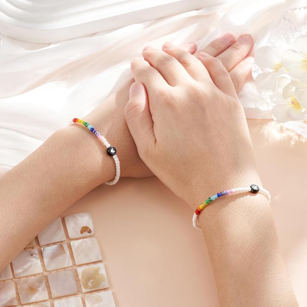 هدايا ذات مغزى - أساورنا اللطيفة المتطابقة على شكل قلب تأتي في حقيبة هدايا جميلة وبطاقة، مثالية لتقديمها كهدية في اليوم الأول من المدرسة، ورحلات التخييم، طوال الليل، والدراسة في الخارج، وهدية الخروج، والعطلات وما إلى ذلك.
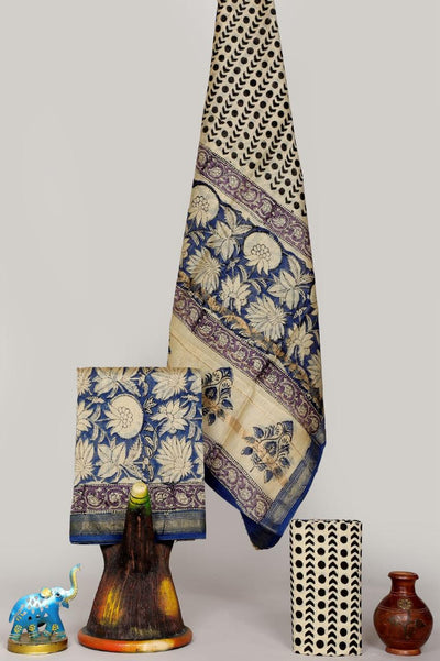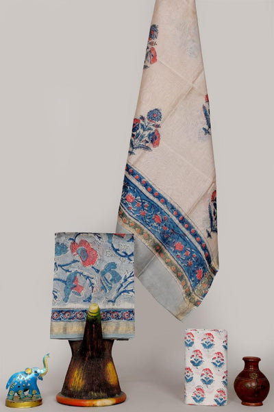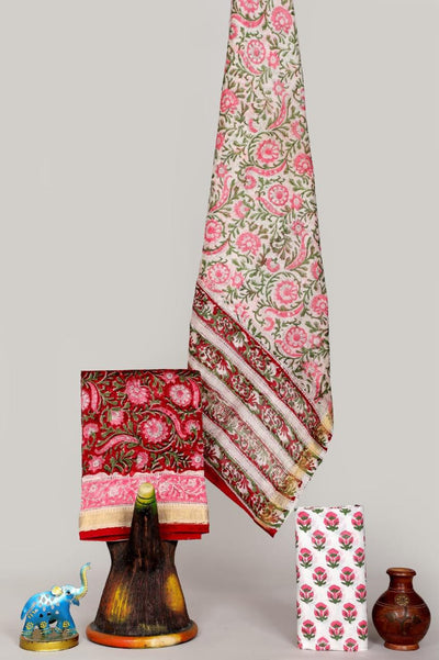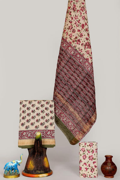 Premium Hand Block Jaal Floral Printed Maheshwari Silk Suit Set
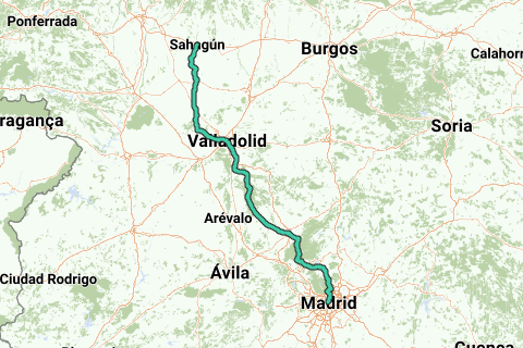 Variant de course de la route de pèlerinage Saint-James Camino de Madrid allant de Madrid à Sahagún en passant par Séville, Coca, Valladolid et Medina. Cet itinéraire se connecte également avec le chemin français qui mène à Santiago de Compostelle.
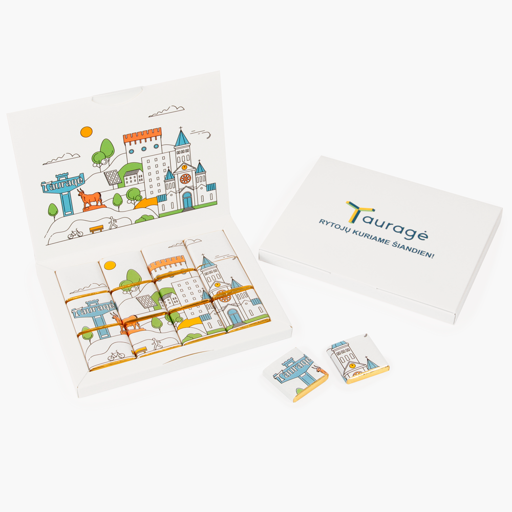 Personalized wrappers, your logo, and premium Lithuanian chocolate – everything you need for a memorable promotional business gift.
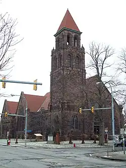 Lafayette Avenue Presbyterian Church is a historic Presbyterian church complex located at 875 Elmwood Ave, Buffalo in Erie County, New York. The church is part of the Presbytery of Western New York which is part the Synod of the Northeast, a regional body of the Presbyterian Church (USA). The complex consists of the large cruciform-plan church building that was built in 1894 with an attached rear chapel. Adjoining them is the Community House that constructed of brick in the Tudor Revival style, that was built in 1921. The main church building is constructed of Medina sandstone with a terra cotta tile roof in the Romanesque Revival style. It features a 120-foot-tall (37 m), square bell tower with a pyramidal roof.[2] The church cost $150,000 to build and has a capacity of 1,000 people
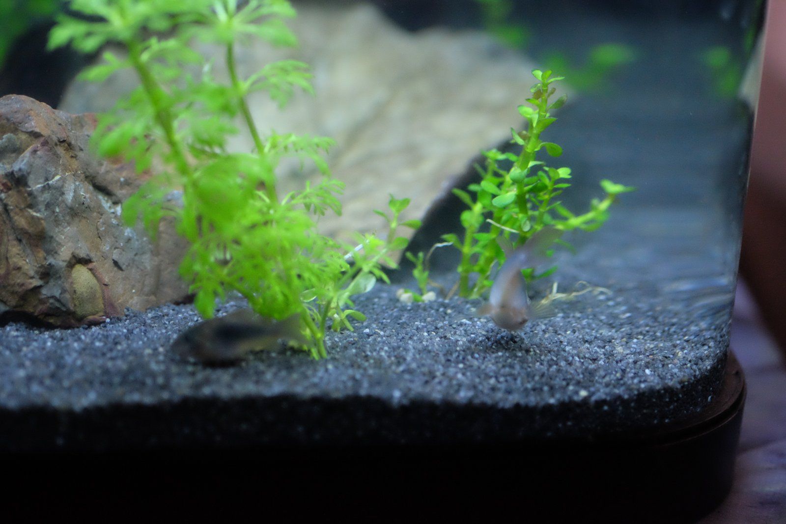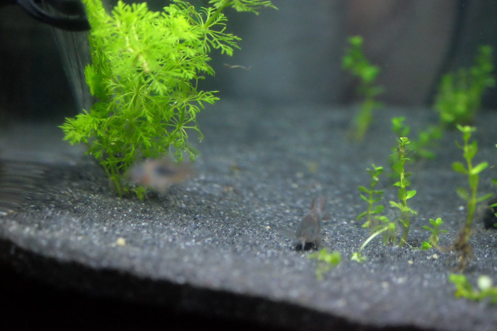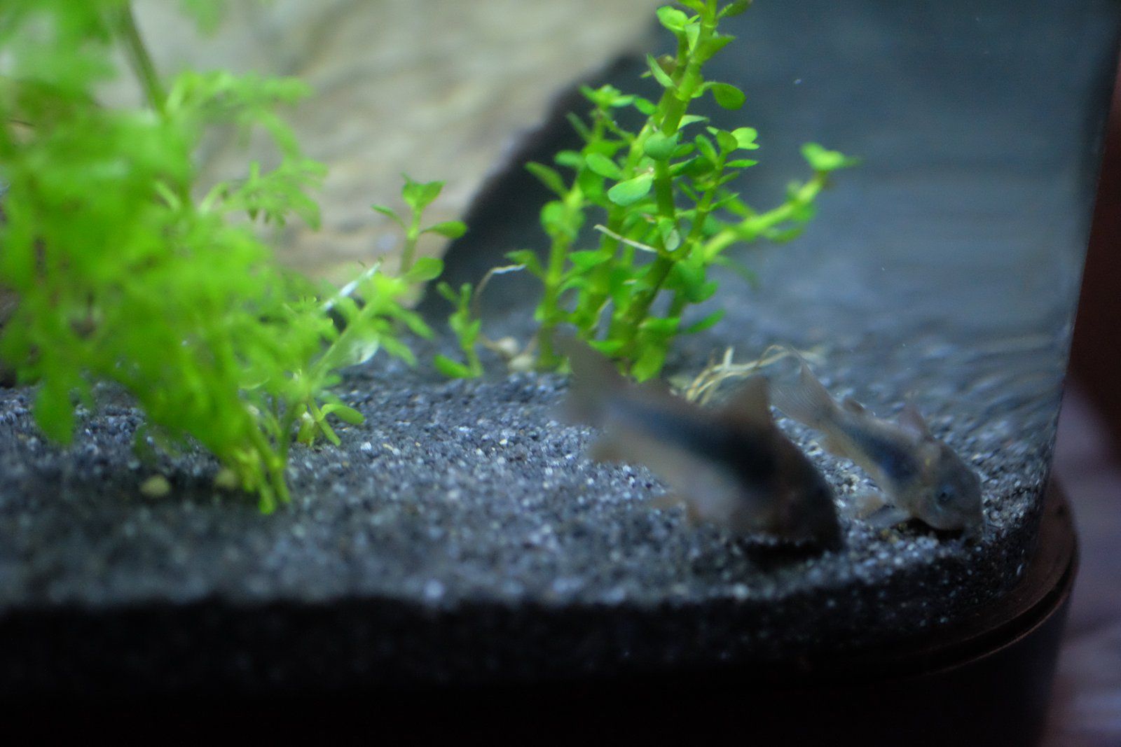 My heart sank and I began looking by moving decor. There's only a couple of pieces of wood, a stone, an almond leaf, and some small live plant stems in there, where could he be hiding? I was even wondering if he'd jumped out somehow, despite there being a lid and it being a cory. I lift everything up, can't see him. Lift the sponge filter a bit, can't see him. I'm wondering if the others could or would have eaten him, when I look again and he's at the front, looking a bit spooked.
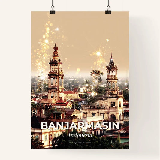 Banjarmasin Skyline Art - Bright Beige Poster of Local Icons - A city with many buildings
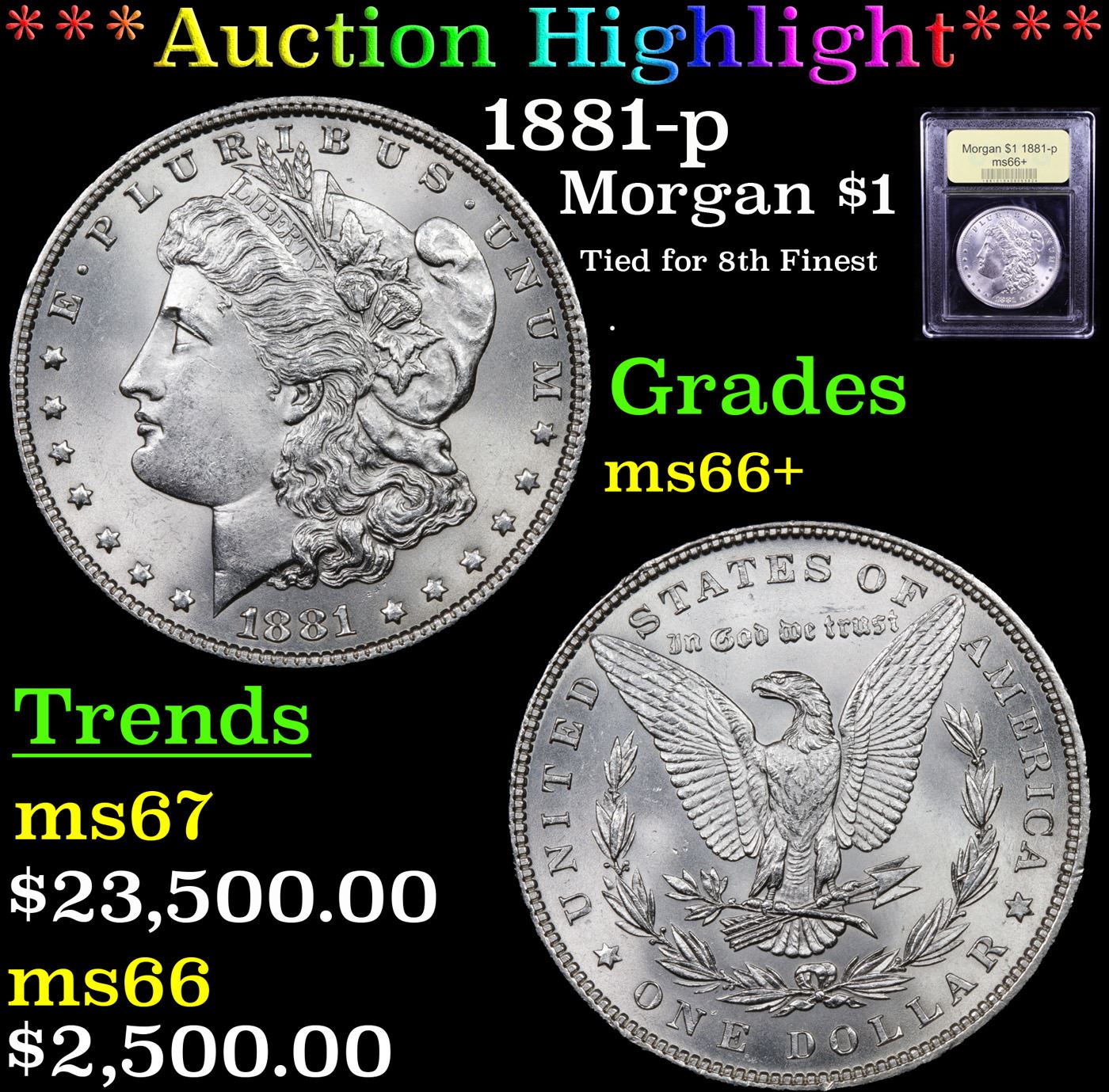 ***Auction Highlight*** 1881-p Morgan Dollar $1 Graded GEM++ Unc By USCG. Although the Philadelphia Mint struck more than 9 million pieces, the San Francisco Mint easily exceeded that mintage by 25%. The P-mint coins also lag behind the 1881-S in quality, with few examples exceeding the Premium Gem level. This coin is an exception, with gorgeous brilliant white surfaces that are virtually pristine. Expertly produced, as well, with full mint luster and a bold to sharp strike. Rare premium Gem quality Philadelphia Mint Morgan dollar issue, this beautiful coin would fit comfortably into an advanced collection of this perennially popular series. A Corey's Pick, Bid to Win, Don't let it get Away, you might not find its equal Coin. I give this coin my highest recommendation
= = = = =
#### PROBLEM STATEMENT:
Please reproduce each entry above word for word and keep the pictures out of the copy.

#### ANSWER AREA:
 هدايا ذات مغزى - أساورنا اللطيفة المتطابقة على شكل قلب تأتي في حقيبة هدايا جميلة وبطاقة، مثالية لتقديمها كهدية في اليوم الأول من المدرسة، ورحلات التخييم، طوال الليل، والدراسة في الخارج، وهدية الخروج، والعطلات وما إلى ذلك.
 Premium Hand Block Jaal Floral Printed Maheshwari Silk Suit Set
 Variant de course de la route de pèlerinage Saint-James Camino de Madrid allant de Madrid à Sahagún en passant par Séville, Coca, Valladolid et Medina. Cet itinéraire se connecte également avec le chemin français qui mène à Santiago de Compostelle.
 Personalized wrappers, your logo, and premium Lithuanian chocolate – everything you need for a memorable promotional business gift.
 Lafayette Avenue Presbyterian Church is a historic Presbyterian church complex located at 875 Elmwood Ave, Buffalo in Erie County, New York. The church is part of the Presbytery of Western New York which is part the Synod of the Northeast, a regional body of the Presbyterian Church (USA). The complex consists of the large cruciform-plan church building that was built in 1894 with an attached rear chapel. Adjoining them is the Community House that constructed of brick in the Tudor Revival style, that was built in 1921. The main church building is constructed of Medina sandstone with a terra cotta tile roof in the Romanesque Revival style. It features a 120-foot-tall (37 m), square bell tower with a pyramidal roof.[2] The church cost $150,000 to build and has a capacity of 1,000 people
 My heart sank and I began looking by moving decor. There's only a couple of pieces of wood, a stone, an almond leaf, and some small live plant stems in there, where could he be hiding? I was even wondering if he'd jumped out somehow, despite there being a lid and it being a cory. I lift everything up, can't see him. Lift the sponge filter a bit, can't see him. I'm wondering if the others could or would have eaten him, when I look again and he's at the front, looking a bit spooked.
 Banjarmasin Skyline Art - Bright Beige Poster of Local Icons - A city with many buildings
 ***Auction Highlight*** 1881-p Morgan Dollar $1 Graded GEM++ Unc By USCG. Although the Philadelphia Mint struck more than 9 million pieces, the San Francisco Mint easily exceeded that mintage by 25%. The P-mint coins also lag behind the 1881-S in quality, with few examples exceeding the Premium Gem level. This coin is an exception, with gorgeous brilliant white surfaces that are virtually pristine. Expertly produced, as well, with full mint luster and a bold to sharp strike. Rare premium Gem quality Philadelphia Mint Morgan dollar issue, this beautiful coin would fit comfortably into an advanced collection of this perennially popular series. A Corey's Pick, Bid to Win, Don't let it get Away, you might not find its equal Coin. I give this coin my highest recommendation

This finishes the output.